Remarkable. Just rediscovered your 11853735811. Thought I had successfully already searched and obtained a negative to the prior term, and had planned to submit.James G. Merickel 17:56, 8 July 2013 (UTC) The problem of finding the next term is somewhat interesting. It requires a less exhaustive approach by using (something like) the modern methods of efficiently obtaining the prime-counting function's values.James G. Merickel 21:06, 30 May 2015 (UTC)

Thanks for adding the Mathematica to A216208. --Susanne Bobzien 18:41, 13 March 2013 (UTC)

@Giovanni Resta - Hi, Re : A217254 -could you please verify your comment to see where it stands after round was changed to floor Specifically, the Floor function is used - in the formula section. Alexander R. Povolotsky 00:05, 21 March 2013 (UTC)

https://oeis.org/A181392/b181392.txt How did you compute this sequence A181392 so fast and why is "The last term is 999999999786876856487355368576387875784644". Did you use bruteforce?
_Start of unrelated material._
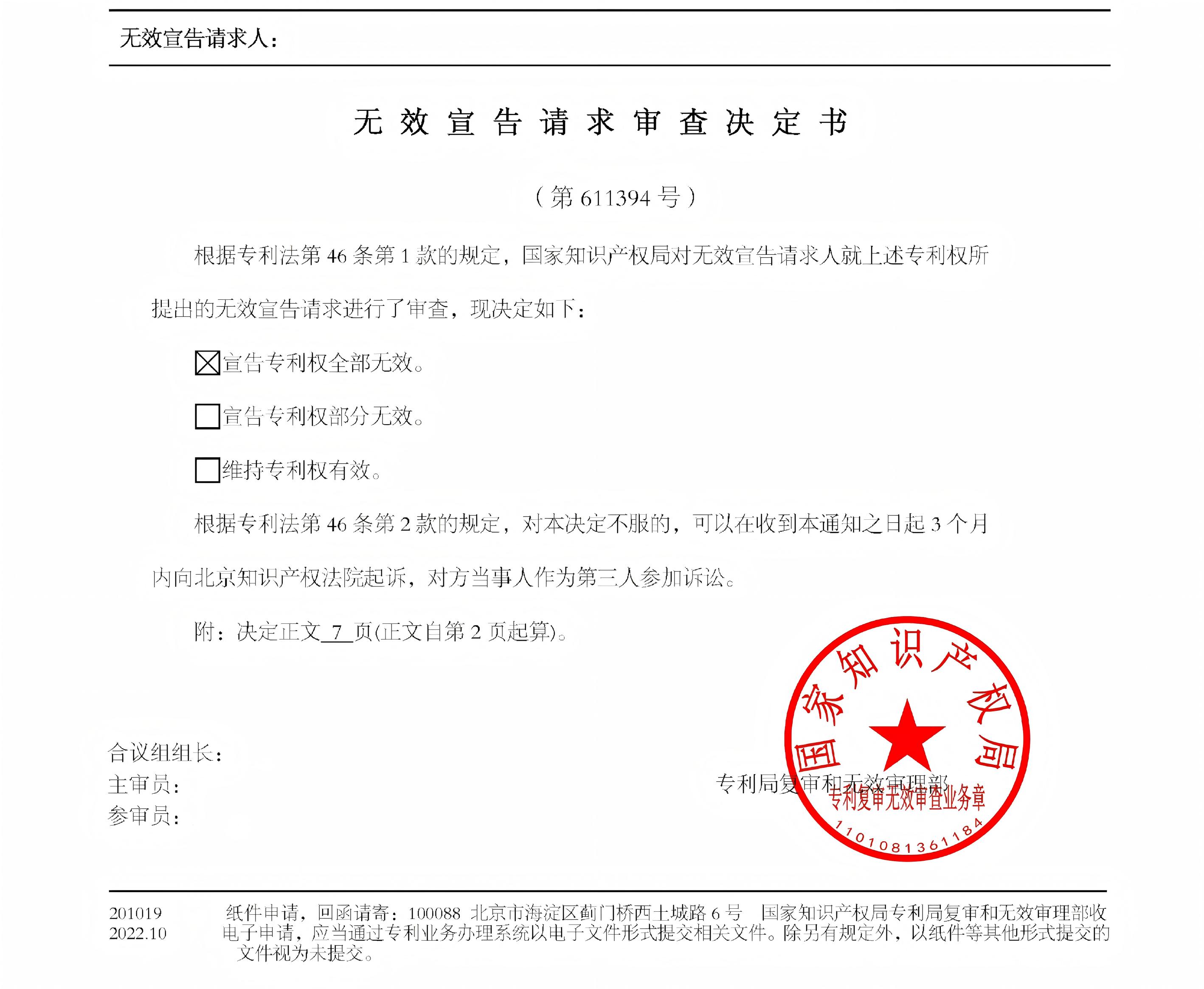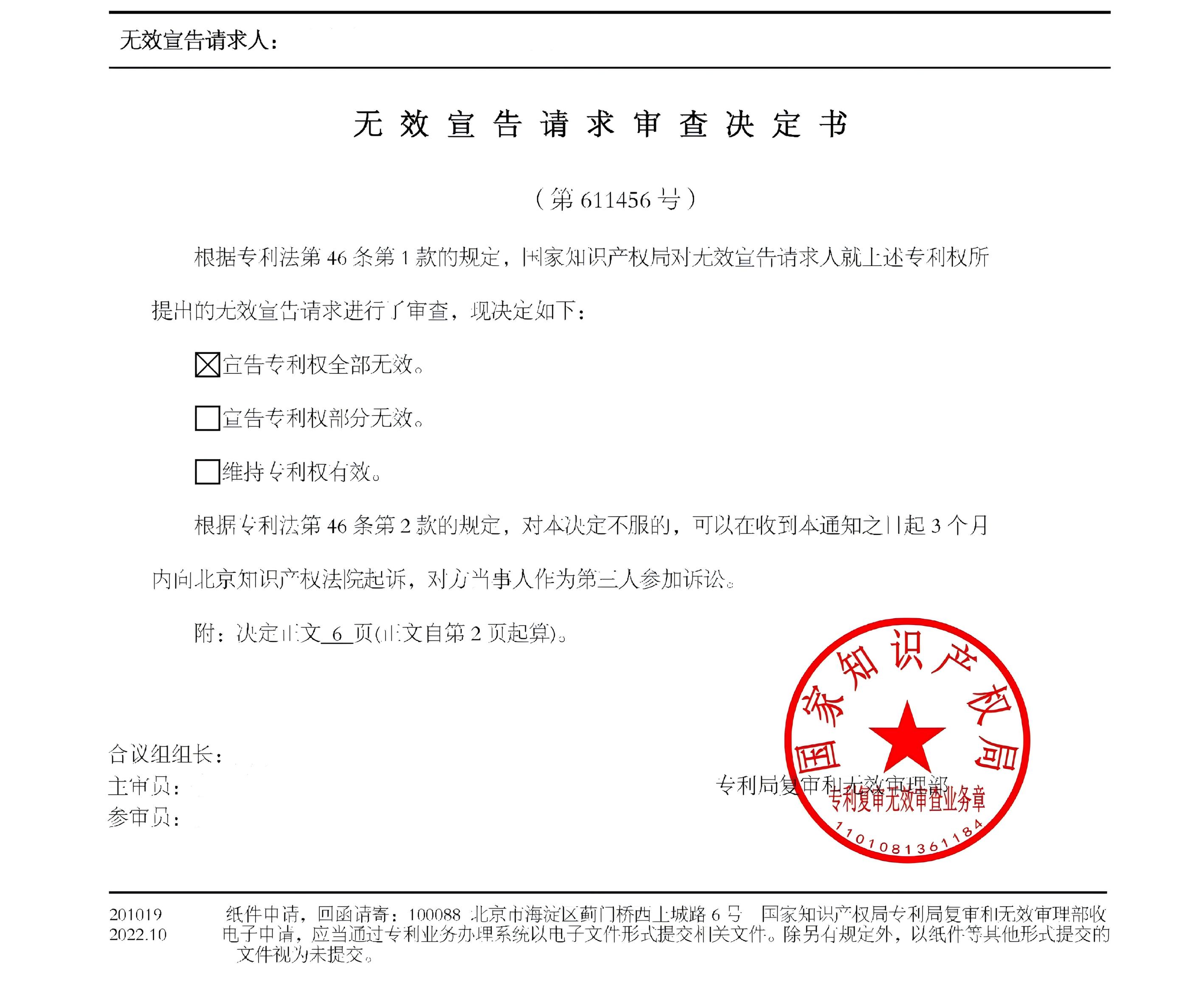 此时,被告委托我司(以下简称铭粤)对于三件专利提出无效宣告,铭粤团队凭借扎实的专业能力与高效协作,仅仅半年左右的时间通过无效程序实现原告三件专利的全部无效,有力保护当事人的合法权益,帮助当事人在专利侵权诉讼中全面胜利。

Patrick Wieschollek 21:13, 20 May 2013 (UTC)

- Yes, is there some chance of you re-wording your comment in any case? I like the result, and am interested in its basis also and think some brief remark on it would be good to include. It's also the case that the 43-digit terms mentioned fail to exist entirely, so at least a rewording. I myself would say 45-digit numbers in the sequence are not square because [reason or method: Exhaustive with a 0 always appearing, by a modulus other than 3, how?], 44-digit numbers fail modulo 3, and there are no 43-digit numbers, plus perhaps something about the specific finding. It's a nice but unfounded result as is, with a minutely bad wording.James G. Merickel 05:42, 26 July 2015 (UTC)
- Problem here mostly mine. Nice improvement, in any case.James G. Merickel 18:51, 26 July 2015 (UTC)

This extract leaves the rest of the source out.